Gross Domestic Product grew by 5.6% in the last three months of 2009. That's a small revision downward from the advance estimate earlier this year, but it's still an enormous increase over the last three months of 2008, when GDP fell by 6.3%. GDP is a dubiously useful measure, as Megan explained in the magazine, but this report still tells us important things about the health of the economy. In short: we're still sick, but getting better.
Roughly two-thirds of this 5.6% burst did not come from consumers. It came from the slowdown in inventory liquidation, which contributed 3.79 percentage points to fourth-quarter GDP. The Wall Street Journal has a wonderful explainer interactive about how inventories contribute to GDP figures. The confusing thing for most people is: how does a small increase in demand create a huge increase in output (GDP)? Here's a simple way to think about it:
Imagine that you're a kid at a lemonade stand. At first, business is good and you start filling a few cups every minute. Suddenly, the streets thin out and you find yourself with a lot of extra filled lemonade cups. Uh oh, inventory glut! As walkers trickle back into the street, you hand them already-filled lemonade cups rather than pour more, because you don't want to waste lemonade mix if fewer people are buying lemonade. But when crowds start to pick up you think: I haven't been filling lemonade cups for a while, I'd better start restocking because it looks like the crowds are coming back. Crucially this will require you to make even more lemonade than you were making at the beginning of this story, because you need to satisfy current demand and stock for future crowds by building back a normal inventory. And that's how small increases in demand can produce huge increases in output, which is GDP.

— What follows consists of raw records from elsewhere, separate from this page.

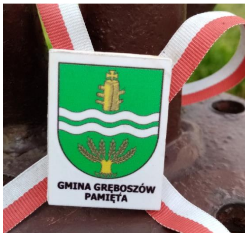
Pamiątkowa tabliczka na Pomniku Grunwaldzkim w Gręboszowie

Dla zachowania dziedzictwa kulturowego i pamięci historycznej istotne są także inne działania podejmowane przez Gminę, jak chociażby umieszczanie pamiątkowych zawieszek na pomnikach.
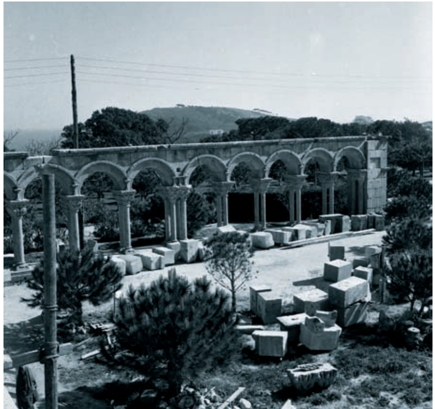
>> Fotografia de les obres de reconstrucció del Mas del Vent conservada a l'Arxiu Municipal de Palamós.

Als inicis, davant del monument, com si es tractés d'un museu, s'hi emplaçà un rètol: Claustro románico de Segovia. Siglo XII . Al cap d'uns anys, el cartell va desaparèixer.
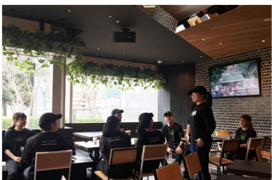
2018年3月にはハンバーガーショップSHAKE SHACKの協力で中学校3年生が職場体験もした。
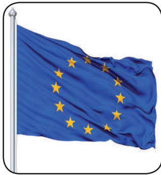
Bandera de la UE

La Unión Europea es una comunidad política de Derecho constituida en régimen de organización internacional para propiciar y acoger la integración de los Estados y los pueblos de Europa. Los veintiocho Estados europeos que la conforman son: Alemania, Austria, Bélgica, Bulgaria, Chipre, República Checa, Croacia, Dinamarca, Eslovaquia, Eslovenia, España, Estonia, Finlandia, Francia, Grecia, Hungría, Irlanda, Italia, Letonia, Lituania, Luxemburgo, Malta, Países Bajos, Polonia, Portugal, Reino Unido, Rumanía y Suecia. Establecida con la entrada en vigor del Tratado Maastricht el 1 de noviembre de 1993, se fundó sobre las tres Comunidades Europeas preexistentes (CECA, Euratom y CEE/CE). La Unión Europea se rige por un sistema interno en régimen de democracia representativa. Sus instituciones son siete:
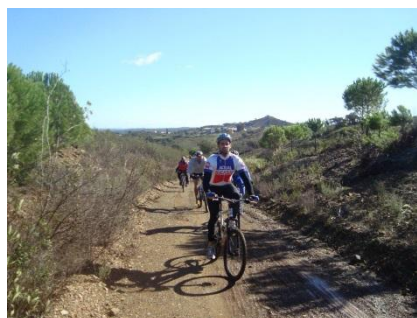
Algumas fotos do Evento

telm.: 96 52 84 857 arcdaa@gmail.com www.arcdaa.com
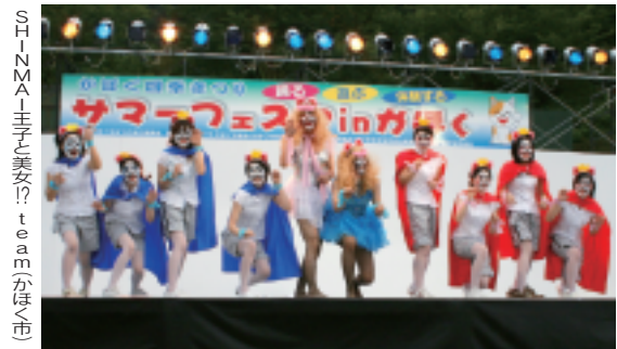
S.H.N.M.A.主予美安? teamかほく市
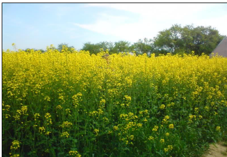
Slika 18. Uljana repica

Leguminozni siderati: lupine, grahorice, bob, smiljkita, seradela.
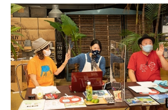
徳島「にし阿波を体感!」オンラインツアー
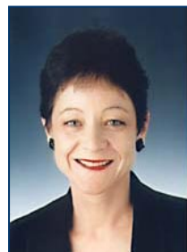
欧洲议会人权委员会副主席，英国女勋爵莎拉·拉德福德女士

近期，欧洲议会人权委员会副主席、英国女勋爵莎拉·拉德福德女士在接受专访时表示，让她吃惊的不是中共的行为，而是欧洲公司在自己
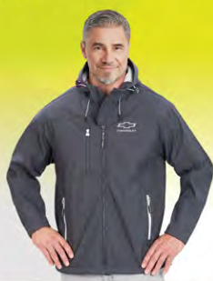
Endurance Jacket | GC01-4324 | S-3XL Blouson Endurance | GC01-4324 | P-3TG
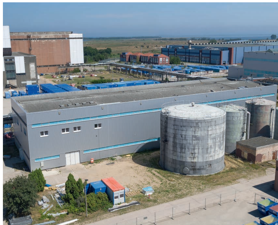
CWA (Chemische Wasseraufbereitungsanlage)

Die Umbauten der beiden Anlagen greifen eng ineinander. Im Rahmen des Reststandortkonzepts soll die ZSA ab 2021 mehrere Arbeitsplätze zentral zusammenfassen und den Arbeitsschwerpunkt weiter nach Osten verlagern. Voraussetzung für diesen Umbau ist die Räumung der ZSA und die Umsiedlung einiger Einrichtungen und Arbeitsplätze in die CWA. Wichtige Einrichtungen wie der Fuhrpark, das Quellenlager aus dem BGB, alle Werkstätten und Büros aus der Shedhalle, der Winterdienst und der Wareneingang werden nach dem Umbau in der ZSA zu finden sein. Außerdem werden mit diesem Umbau weitere Büroflächen geschaffen.
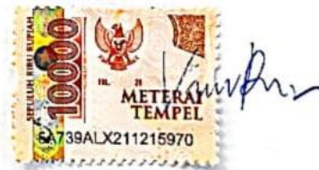
Vickha Putri Suprpto
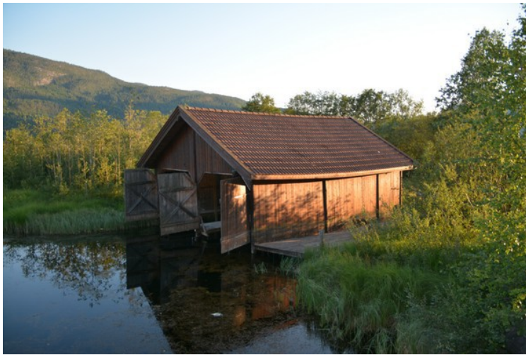
Et naust i en vik.
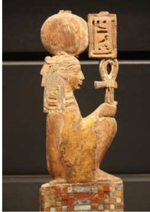
La netjeret Maât portant la croix ansée ! Louvre, E 185, Salle 7 vitrine 9. Décor de mobilier ajouré IV e siècle avant J.-C. Enduit, peint, doré et incrusté de verre.
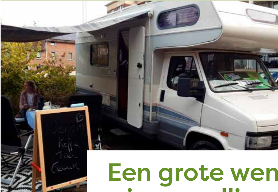
Mobiele Ontmoetingsplek buurtbijeenkomst
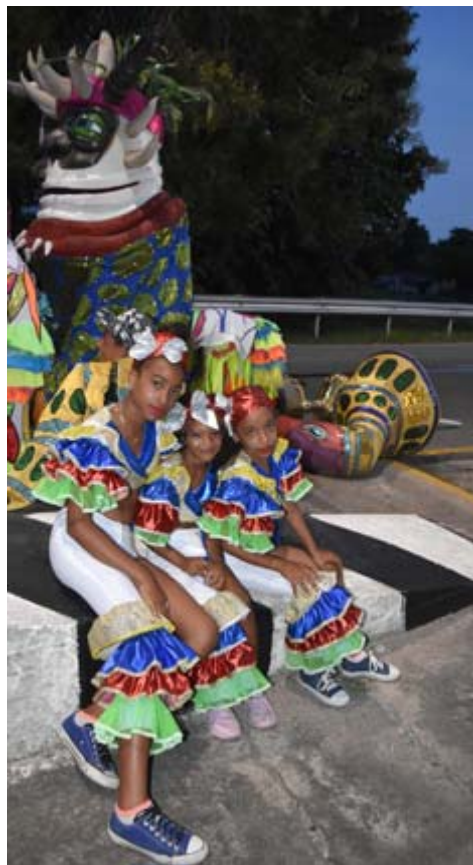
La presencia de los pequeños en comparsas ya es habitual, el domingo serán los protagonistas del carnaval infantil

Oderquis Revé, Tania Pantoja y Dan Den, son algunas de las agrupaciones que amenizarán los bailables en la Plaza de la Revolución.
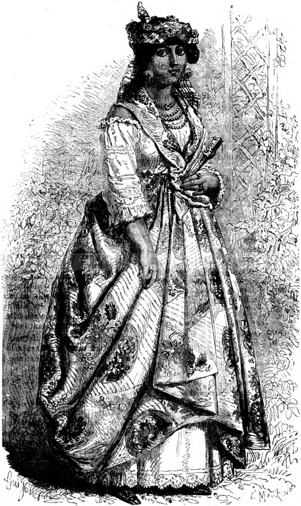
Femeia de mulatu. (Vedi pagin'a 297.)
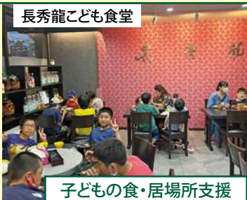
子どもの食・居場所支援
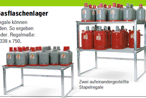
Zwei aufeinandergestellte Stapelregale
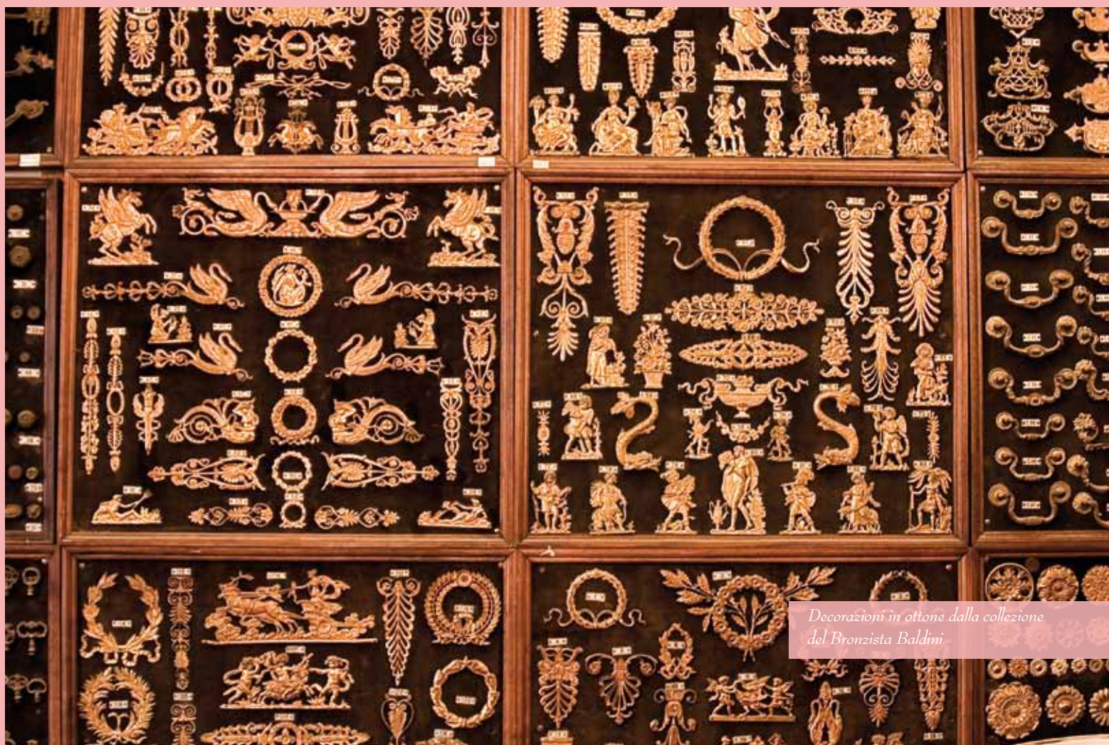
Decorazioni in ottone dalla collezione del Bronzista Baldini

Like lemonade itself, this story is sweet and sour. High GDP growth is sweet. The sour is that we shouldn't expect the first three months of 2010 to experience similar growth. Factories went into overdrive to restock businesses after employers dipped into inventories to save money. Without growing consumer spending, that burst is unsustainable. Analysts expect something closer to 3% growth in Q1 2010, according to the AP.
And how is consumer spending? This useful graph from Calculated Risk tracing the GDP estimates finds personal consumption and residential investments, two key factors of sustainable growth, trending down across revisions.
| ||Advance||Second Estimate||Third Estimate|
|Equipment & Software||13.3%||18.2%||19.0%|
Lastly, how's inflation doing? It's still pretty subdued. From the WSJ
The government's price index for personal consumption increased 2.5% October through December, compared to the previously estimated 2.3% climb, reflecting upward revisions to the price of financial services, insurance and health care. The core PCE gauge, which excludes volatile food and energy prices, rose 1.8%, compared to the previously estimated 1.6% increase.